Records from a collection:
——

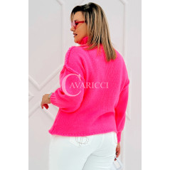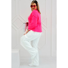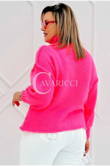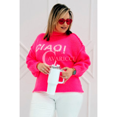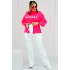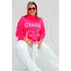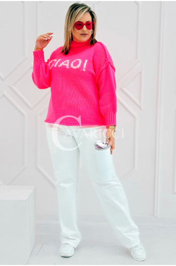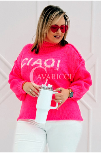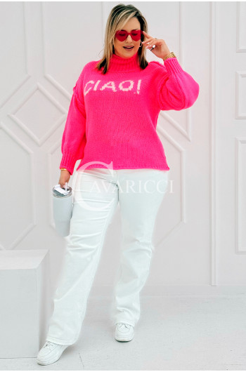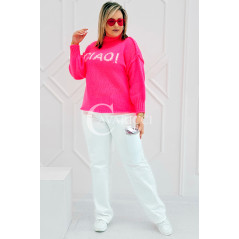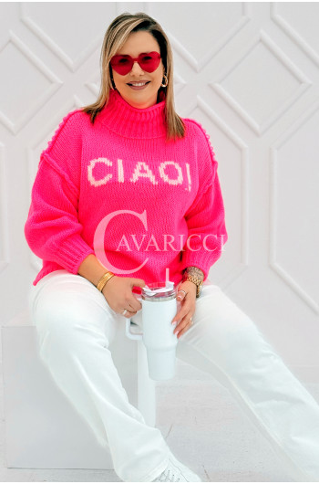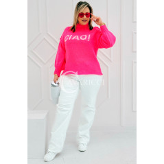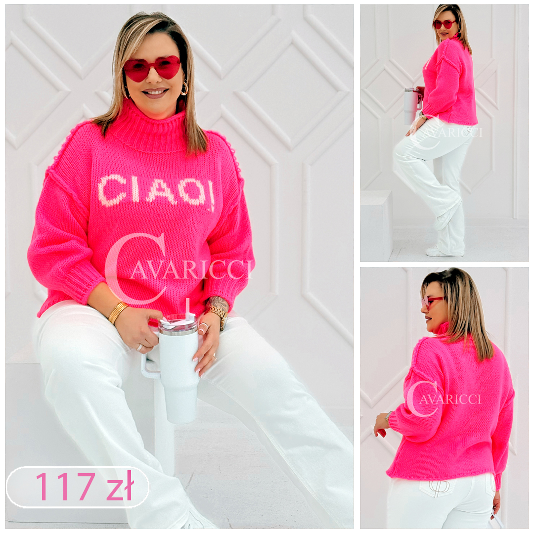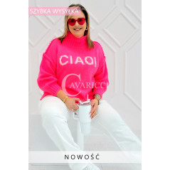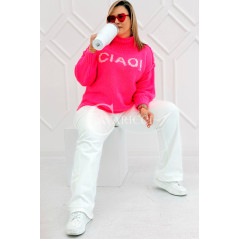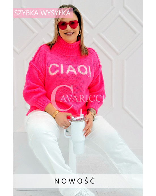 CIAO - Stylowy sweter zdobiony napisem z półgolfem i ozdobnymi przeszyciami w kolorze landrynkowym
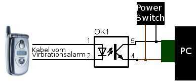 He intentado utilizar un transistor en primer lugar, pero resultó, que es manera más difícil que la resistencia es lo suficientemente grande como si el teléfono no suena, pero es lo suficientemente bajo como para encender la computadora si lo hace. Usé el fotosensor.
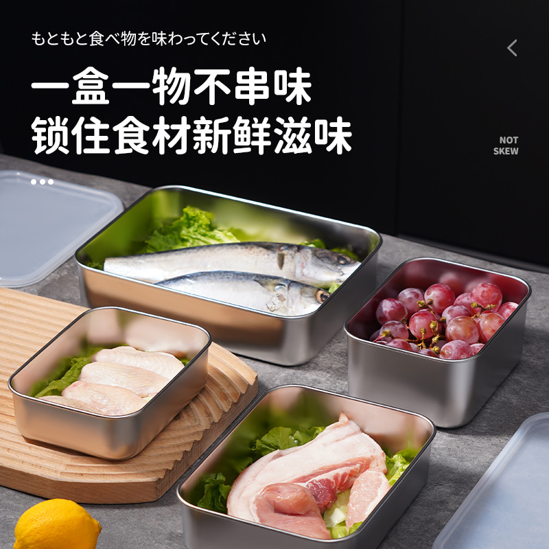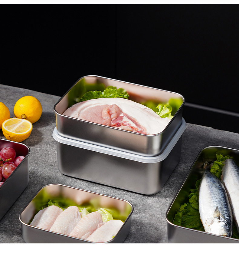 304不锈钢保鲜盒(浅型S) 304不锈钢保鲜盒冰箱收纳盒鱼肉冰冻盒大容量保鲜盒速冻保鲜盒冰冻保存盒,解冻冷冻盒
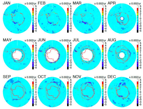 32]. During the summer months (e.g., February) the sea ice extent retreats near the coastal line (~67°S), whereas in the winter months (e.g., September) it expands to the latitudes of ~60°S. The decreasing trend over West Antarctica is quite persistent during November-April, which is consistent with the report from CryoSat-2 that the West Antarctic Ice Sheet (WAIS) is disappearing [
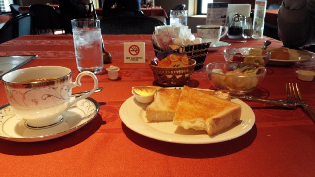いつもはコンビニで済ませますが、今日は、倶楽部で朝食を食べました。トーストセットを食べ、スタートまでコーヒーを飲みながらゆったりと過ごしました
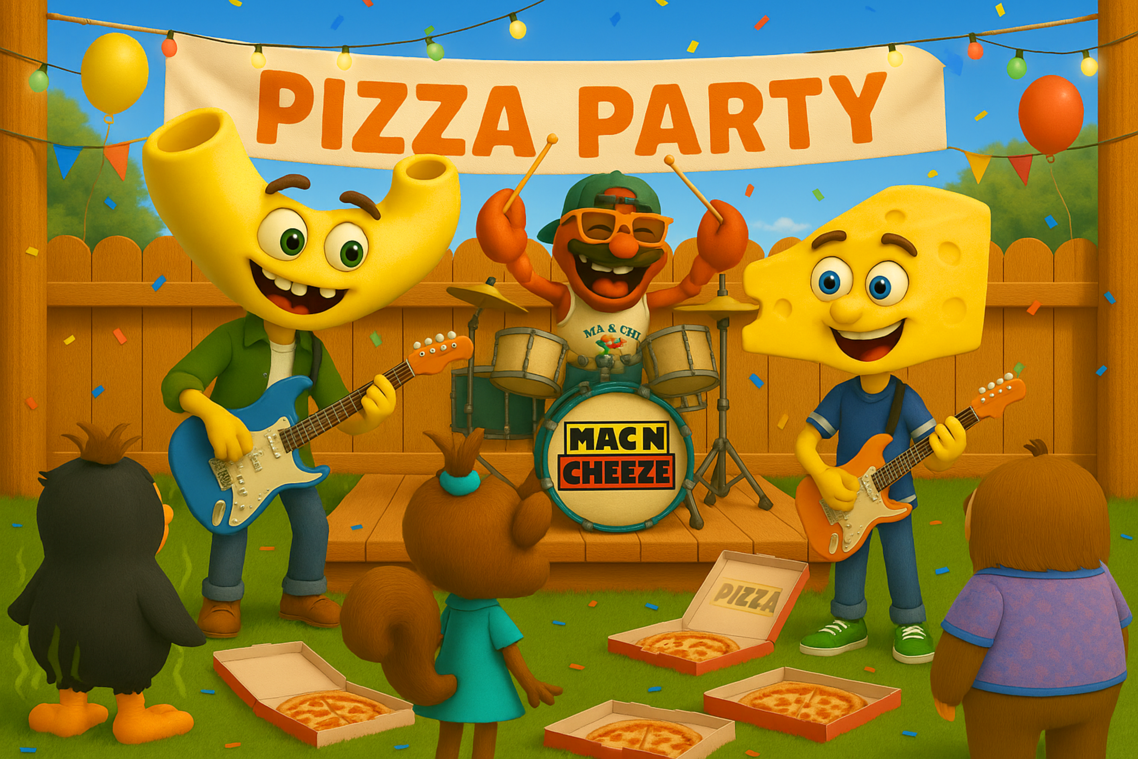 Mac N Cheeze is a fun, music-first kids’ project created by longtime friends Ryan O’Reilly and Kelly James. What began as silly tunes for Ryan’s kids has grown into a full creative universe of characters, videos and music designed to make families laugh, dance and sing together.
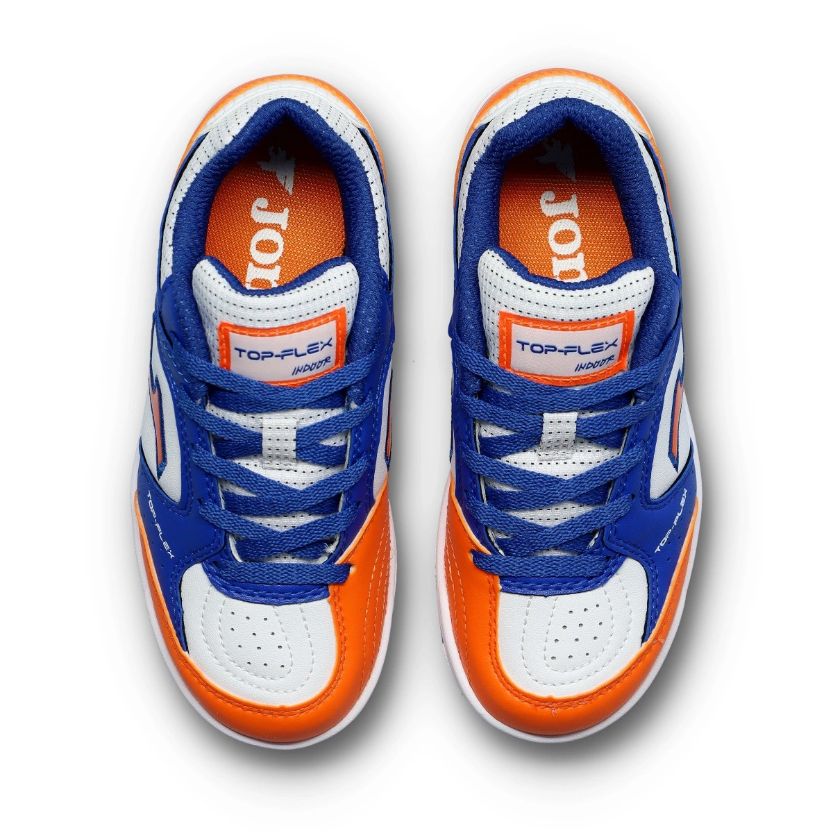 Kids' Joma Top Flex zaalvoetbalschoenen. Dit is de meest emblematische schoen in de Joma zaalvoetbalcatalogus. Een lichtgewicht en veelzijdig model, geschikt voor zowel training als competitie. Getest door professionele voetballers.
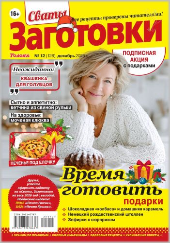 ![]() «Сваты. Заготовки» - ежемесячное издание, посвященное теме заготовок! Более 100 рецептов заготовок от Сватов в каждом номере: соленья и маринады, салаты и ассорти, соусы и приправы, заготовки к сезону, сладкие заготовки, напитки, винный погребок, мясные деликатесы, здоровые рецепты, целебные заготовки, дачные хлопоты, правила хранения, а также кроссворды и сканворды для досуга. |
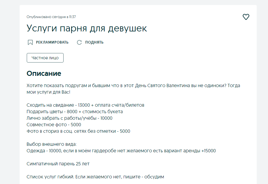 Одиноким казахстанкам в День святого Валентина предлагают за их деньги сходить на свидание, "подарить" цветы и сделать совместные фотографии для соцсетей. Смекалистый парень из столицы решил подзаработать в день влюбленных и выложил на популярном сайте объявление "услуги парня на 14 февраля", передает корреспондент BaigeNews.kz.
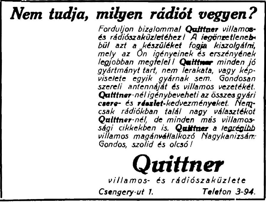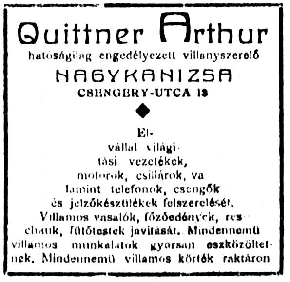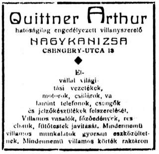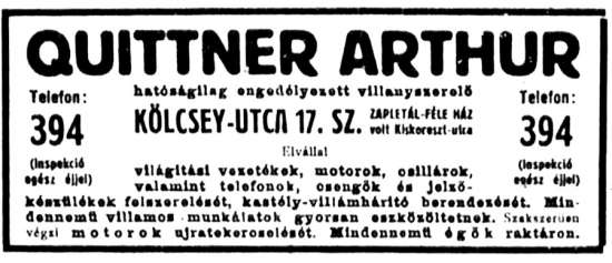 •1922-től itt volt Quittner Arthur (1890 vagy 1892-1944) műhelye. Addig a Csengery út 13. szám alatt tevékenykedett.
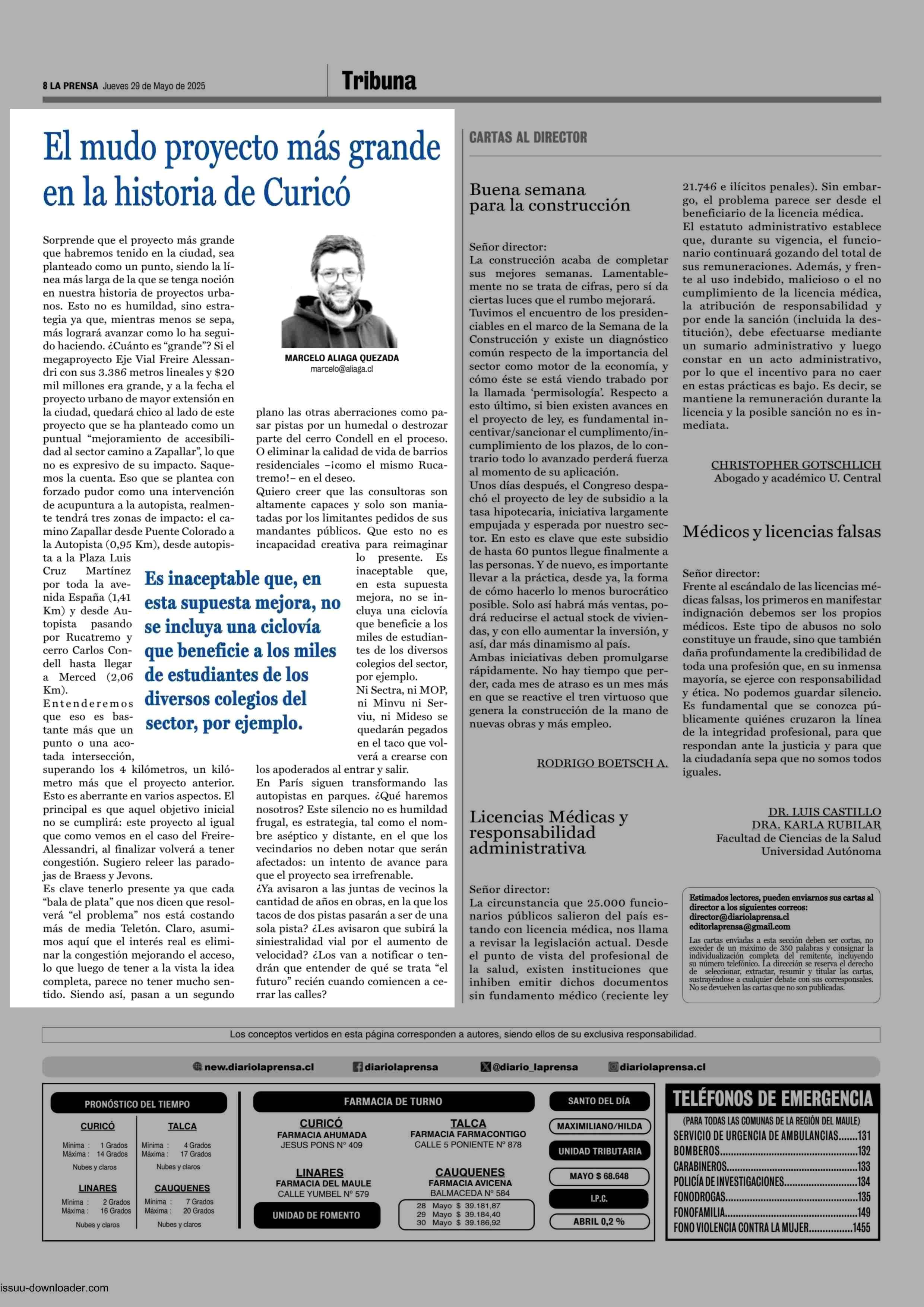 COLUMNAS DE OPINIÓN: El mudo proyecto más grande en la historia de Curicó 29-05-2025 La Prensa de Curicó |
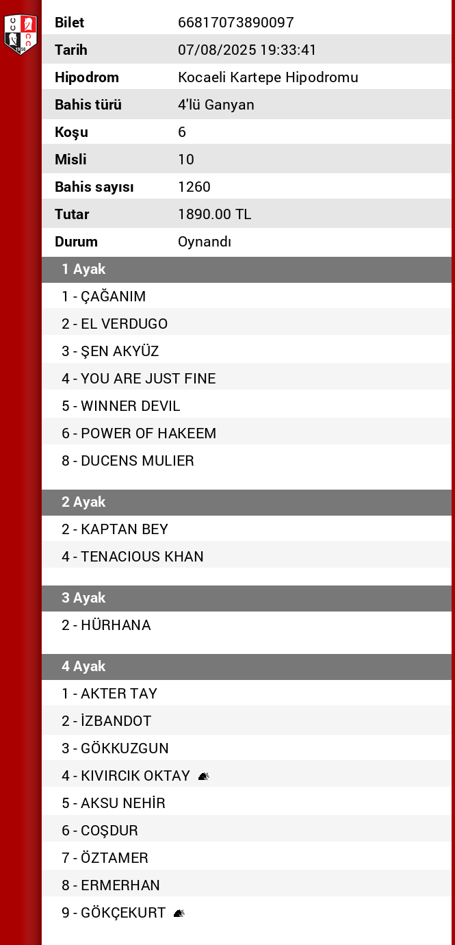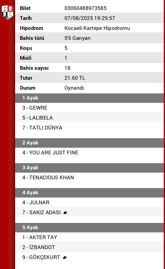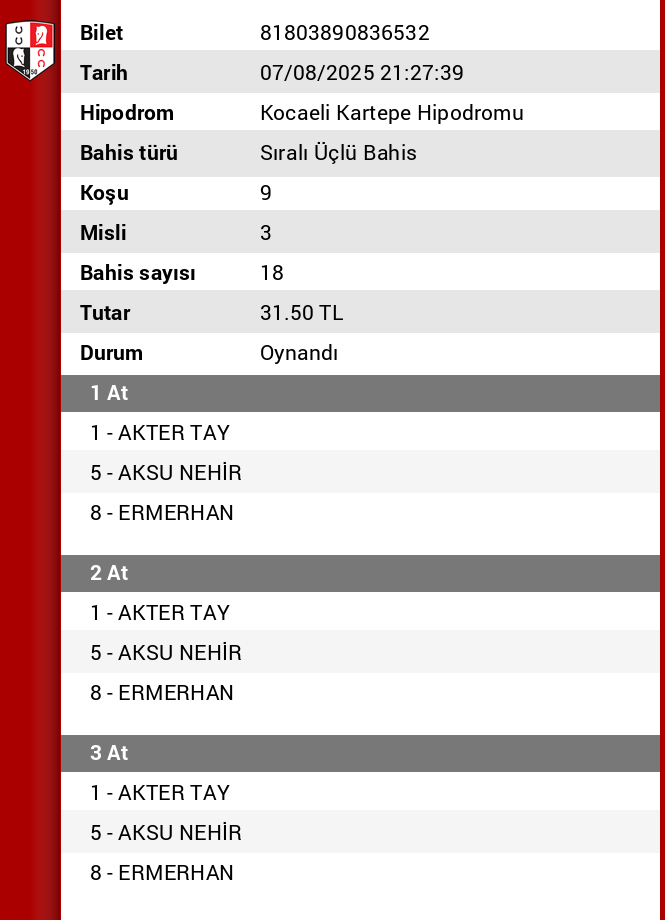 KOCAELİ/KARTEPE Hipodromundaki 9 Koşulu yarış programında herkese bol şanslar diliyorum.

——

Directions
Please repeat each line above exactly as it appears, but omit the pictures.

Response area
 CIAO - Stylowy sweter zdobiony napisem z półgolfem i ozdobnymi przeszyciami w kolorze landrynkowym
 He intentado utilizar un transistor en primer lugar, pero resultó, que es manera más difícil que la resistencia es lo suficientemente grande como si el teléfono no suena, pero es lo suficientemente bajo como para encender la computadora si lo hace. Usé el fotosensor.
 304不锈钢保鲜盒(浅型S) 304不锈钢保鲜盒冰箱收纳盒鱼肉冰冻盒大容量保鲜盒速冻保鲜盒冰冻保存盒,解冻冷冻盒
 32]. During the summer months (e.g., February) the sea ice extent retreats near the coastal line (~67°S), whereas in the winter months (e.g., September) it expands to the latitudes of ~60°S. The decreasing trend over West Antarctica is quite persistent during November-April, which is consistent with the report from CryoSat-2 that the West Antarctic Ice Sheet (WAIS) is disappearing [
いつもはコンビニで済ませますが、今日は、倶楽部で朝食を食べました。トーストセットを食べ、スタートまでコーヒーを飲みながらゆったりと過ごしました
 Mac N Cheeze is a fun, music-first kids’ project created by longtime friends Ryan O’Reilly and Kelly James. What began as silly tunes for Ryan’s kids has grown into a full creative universe of characters, videos and music designed to make families laugh, dance and sing together.
 Kids' Joma Top Flex zaalvoetbalschoenen. Dit is de meest emblematische schoen in de Joma zaalvoetbalcatalogus. Een lichtgewicht en veelzijdig model, geschikt voor zowel training als competitie. Getest door professionele voetballers.
 ![]() «Сваты. Заготовки» - ежемесячное издание, посвященное теме заготовок! Более 100 рецептов заготовок от Сватов в каждом номере: соленья и маринады, салаты и ассорти, соусы и приправы, заготовки к сезону, сладкие заготовки, напитки, винный погребок, мясные деликатесы, здоровые рецепты, целебные заготовки, дачные хлопоты, правила хранения, а также кроссворды и сканворды для досуга. |
 Одиноким казахстанкам в День святого Валентина предлагают за их деньги сходить на свидание, "подарить" цветы и сделать совместные фотографии для соцсетей. Смекалистый парень из столицы решил подзаработать в день влюбленных и выложил на популярном сайте объявление "услуги парня на 14 февраля", передает корреспондент BaigeNews.kz.
 •1922-től itt volt Quittner Arthur (1890 vagy 1892-1944) műhelye. Addig a Csengery út 13. szám alatt tevékenykedett.
 COLUMNAS DE OPINIÓN: El mudo proyecto más grande en la historia de Curicó 29-05-2025 La Prensa de Curicó |
 KOCAELİ/KARTEPE Hipodromundaki 9 Koşulu yarış programında herkese bol şanslar diliyorum.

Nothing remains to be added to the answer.